*Assignment*
A faithful copy is needed of the lines below from the one with "color slipによる彩" up to and including the one with "3pcs Green Abstract"; set it down with no pictures and no other lines.

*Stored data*
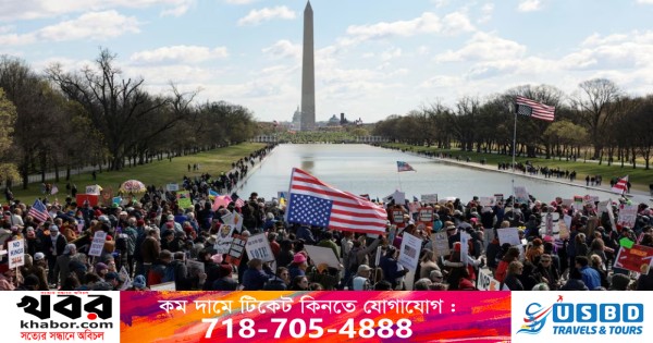 বিক্ষোভকারীরা শনিবার (২৮ মার্চ) নিউ ইয়র্ক, ওয়াশিংটন ডিসি, লস অ্যাঞ্জেলেসসহ যুক্তরাষ্ট্রের প্রায় প্রতিটি বড় শহরে সমবেত হন।
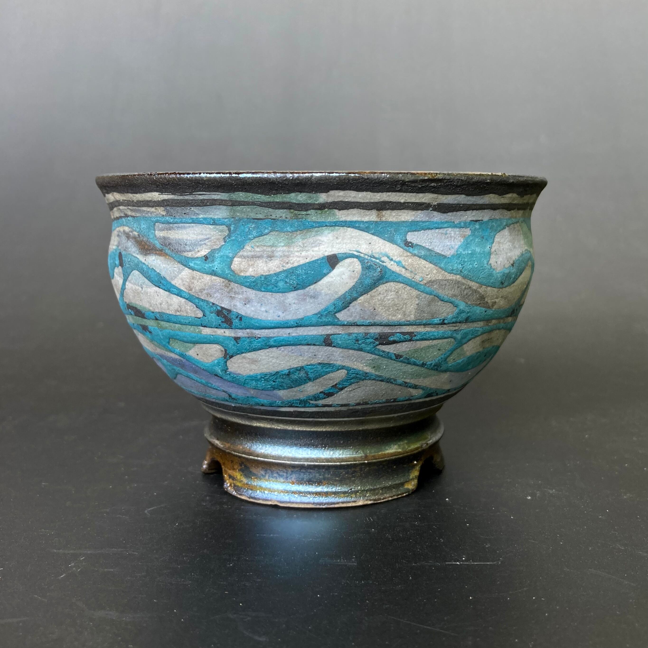 color slipによる彩色は、薪による炭彩が加わり派手でありながら渋い発色の仕上がりとなっています。古代の遺跡から発掘された彩色土器の様な風合いを帯びるよう志向して彩色したものです。
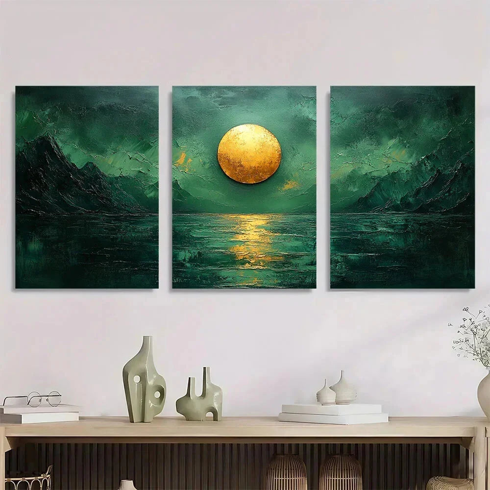 3pcs Green Abstract Mountain & Moon Metal Print Ready to Hang Art
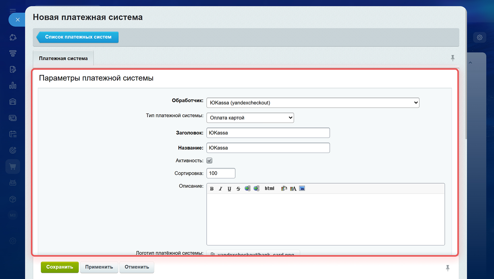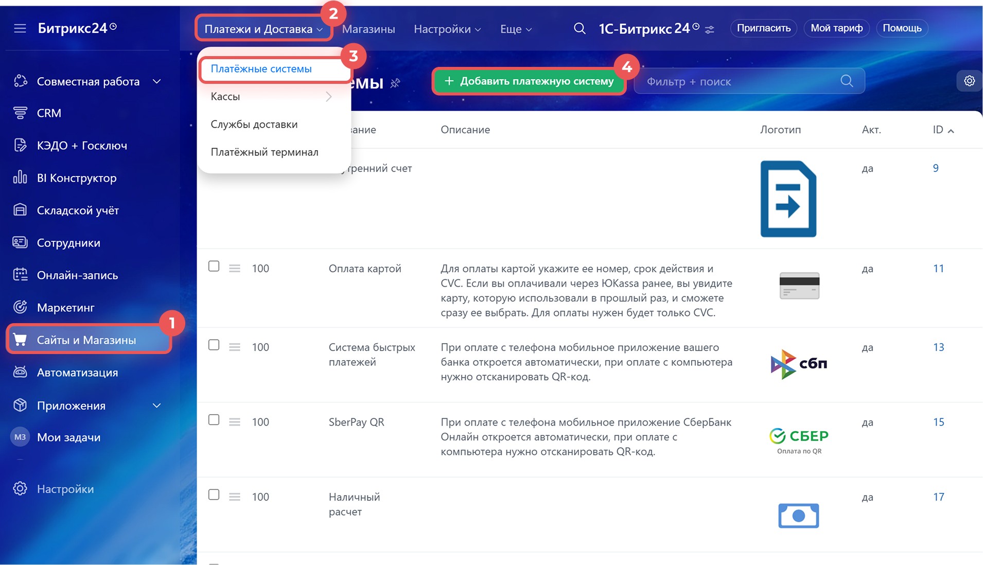 Чтобы не менять статус оплаты в сделке вручную, можно настроить уведомления от платежного сервиса. Они сообщают Битрикс24, что платеж прошел успешно. Ниже разберем настройки для ЮKassa, Сбербанка и Robokassa.
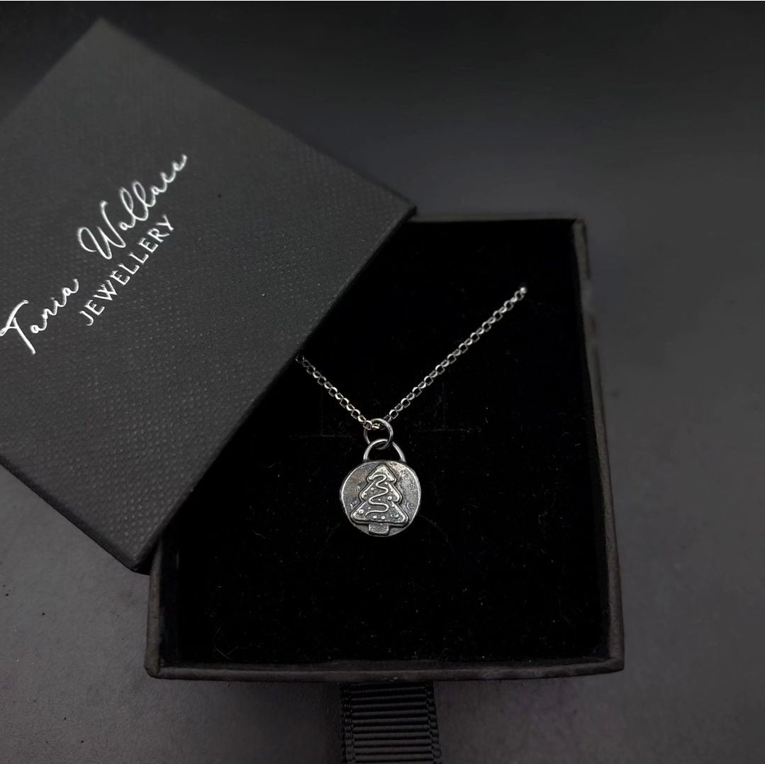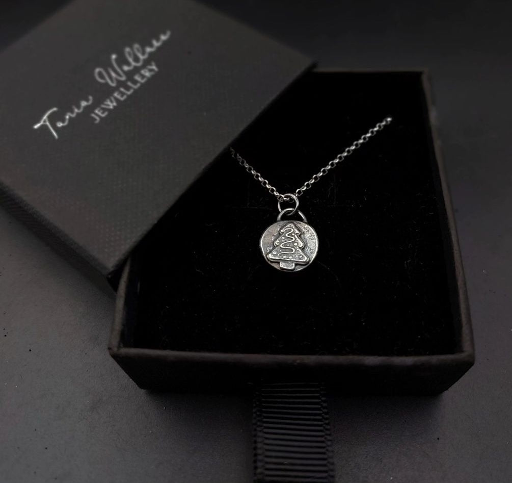 Gorgeous Christmas tree cookie design pendant made from solid silver and oxidised for extra detail amd for a rustic finish.
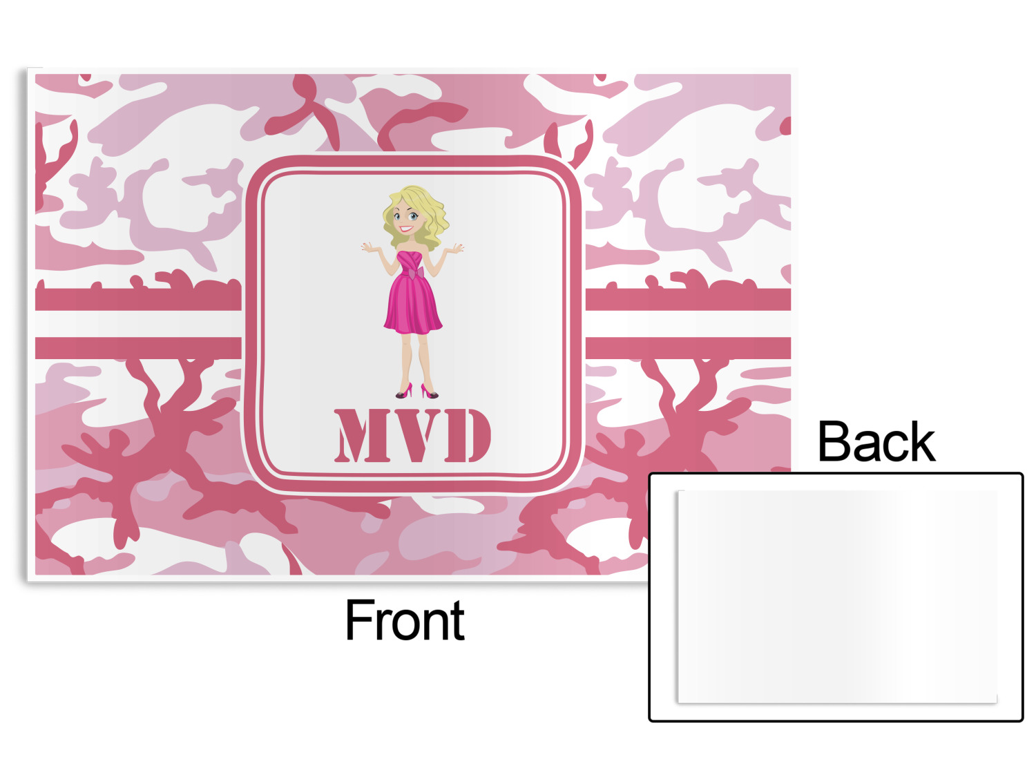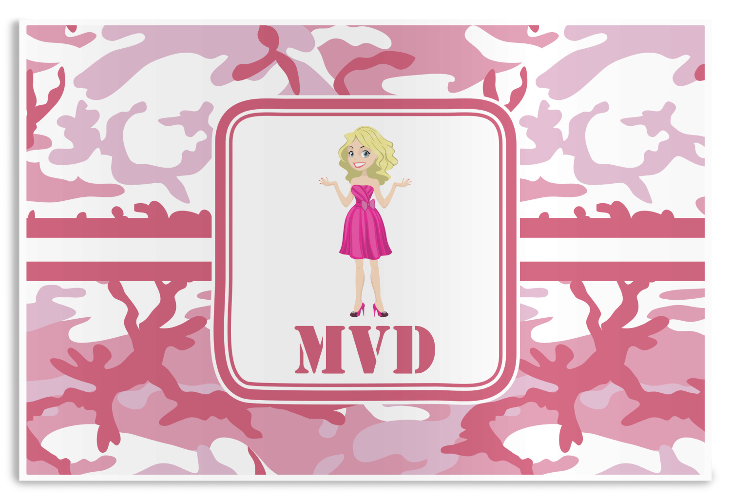 We have featured our little army girl, wearing her pink camo helmet, in the middle of the design in a pink and white square. A wide white band trimmed in pink tie everything together.
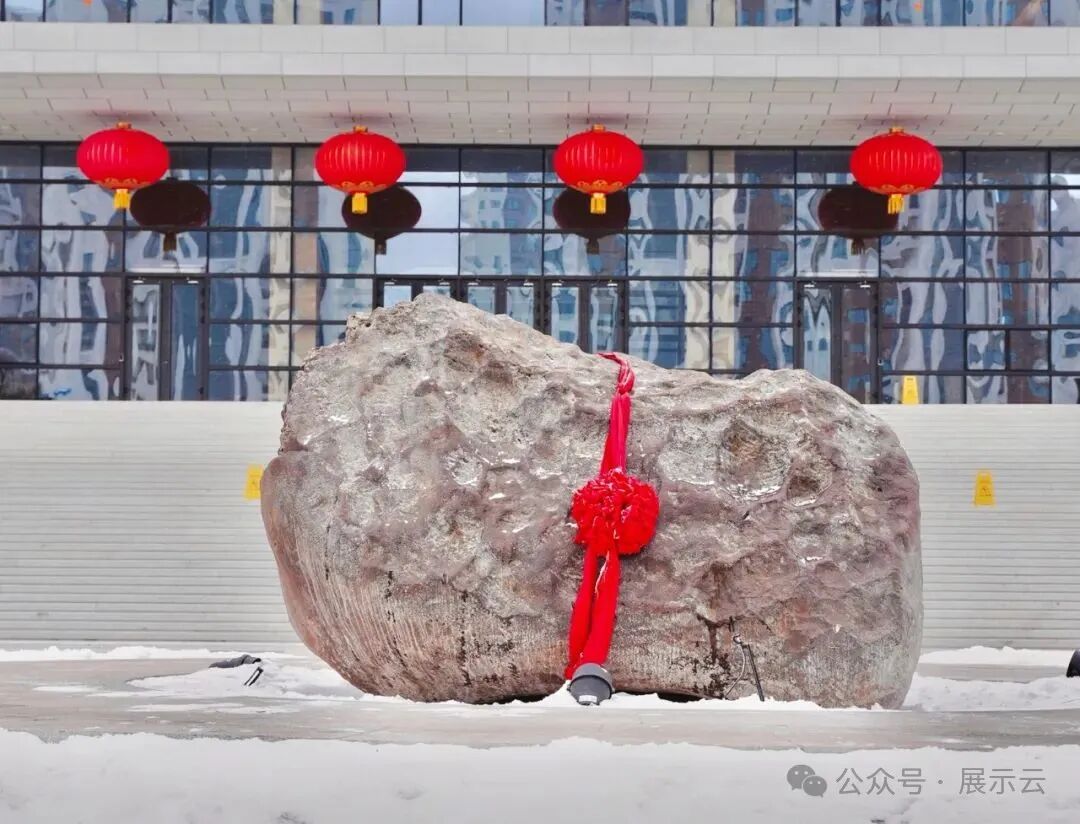 从还未踏进展馆时,我们就已经与天地源疆展厅里的陨石见过面了。被称为世界第三大、亚洲第一大铁陨石的“银骆驼”,静静伫立于展馆门前,这块于 1898 年发现于阿勒泰地区的“大块头”,重达 33 吨,也是镇馆之宝之一。
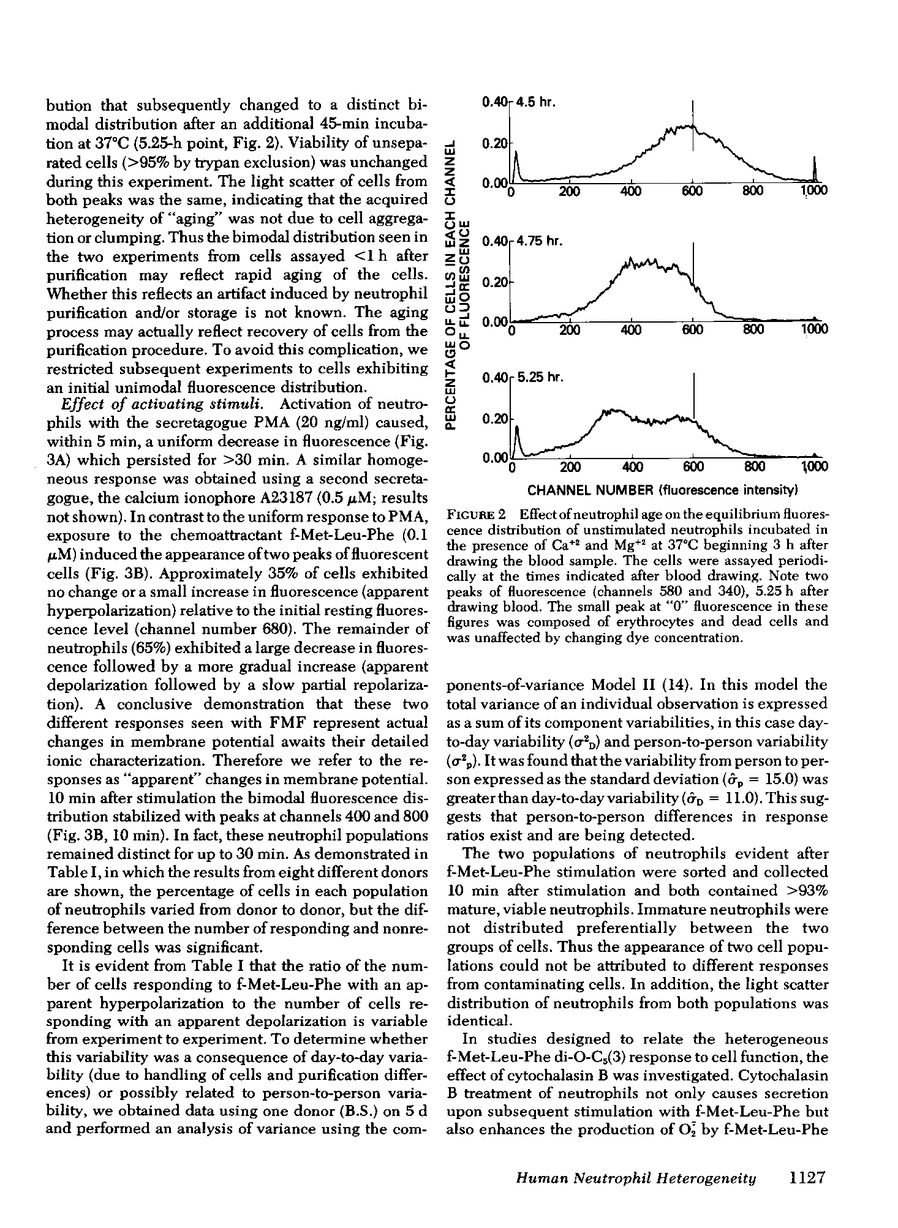 Previous studies of neutrophil nitroblue tetrazolium dye reduction in response to endotoxin and rosetting of IgG-coated erythryocytes have suggested functional heterogeneity of peripheral blood neutrophils. In the following study we utilized flow microfluorometry and the membrane potential-sensitive fluorescent dye 3-3′-dipentyloxacarbocyanine to assess the heterogeneity of neutrophils upon activation by a variety of stimuli. Unstimulated neutrophils from normal subjects exhibited a unimodal distribution of fluorescence, suggesting that all the cells possessed the same resting membrane potential. As neutrophils aged (>5 h), some cells lost fluorescence producing a bimodal distribution. In studies with fresh cells, the secretagogue phorbol myristate acetate (20 ng/ml) stimulated a uniform loss of fluorescence (apparent depolarization). The chemoattractant N-formyl-methionyl-leucyl-phenylalanine (f-Met-Leu-Phe) (0.1 μM) caused the neutrophils to assume and maintain (for > 30 min) a bimodal fluorescence distribution in which 65±5% of the neutrophils first decreased and then increased fluorescence (apparent depolarization/partial repolarization), and 35±5% of the cells exhibited either an increase in fluorescence (apparent hyperpolarization) or no change. Treatment of neutrophils with cytochalasin B before stimulation caused the cells to respond homogeneously to f-Met-Leu-Phe. Additional studies using neutrophils from patients with chronic granulomatous disease, which exhibit abnormal membrane potential responses, indicated that this defect affected all such neutrophils uniformly. These observations demonstrate the need to investigate the physiological significance of the heterogeneity of neutrophil function and indicate that the f-Met-Leu-Phe-induced changes in membrane potential observed in bulk population cell studies are the summation of two different responses.
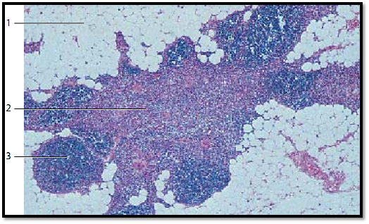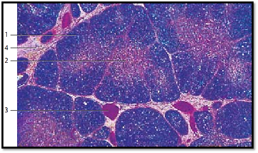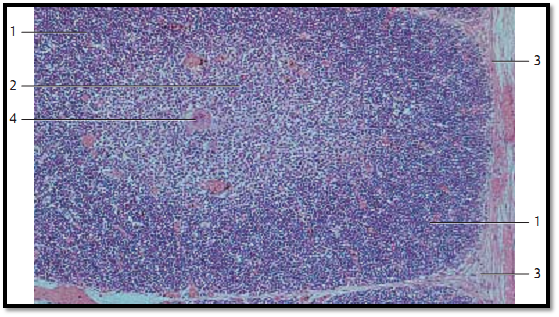 Higher magnification of a thymus lobule with heavily stained cortex 1 and lighter stained medulla 2 . Mature T-lymphocytes are densely packed in the cortex. They are much less dense in the medulla. On the right, the figure shows the vascularized connective tissue capsule 3. The medulla contains Hassall corpuscles 4.

*Solution*
 color slipによる彩色は、薪による炭彩が加わり派手でありながら渋い発色の仕上がりとなっています。古代の遺跡から発掘された彩色土器の様な風合いを帯びるよう志向して彩色したものです。
 3pcs Green Abstract Mountain & Moon Metal Print Ready to Hang Art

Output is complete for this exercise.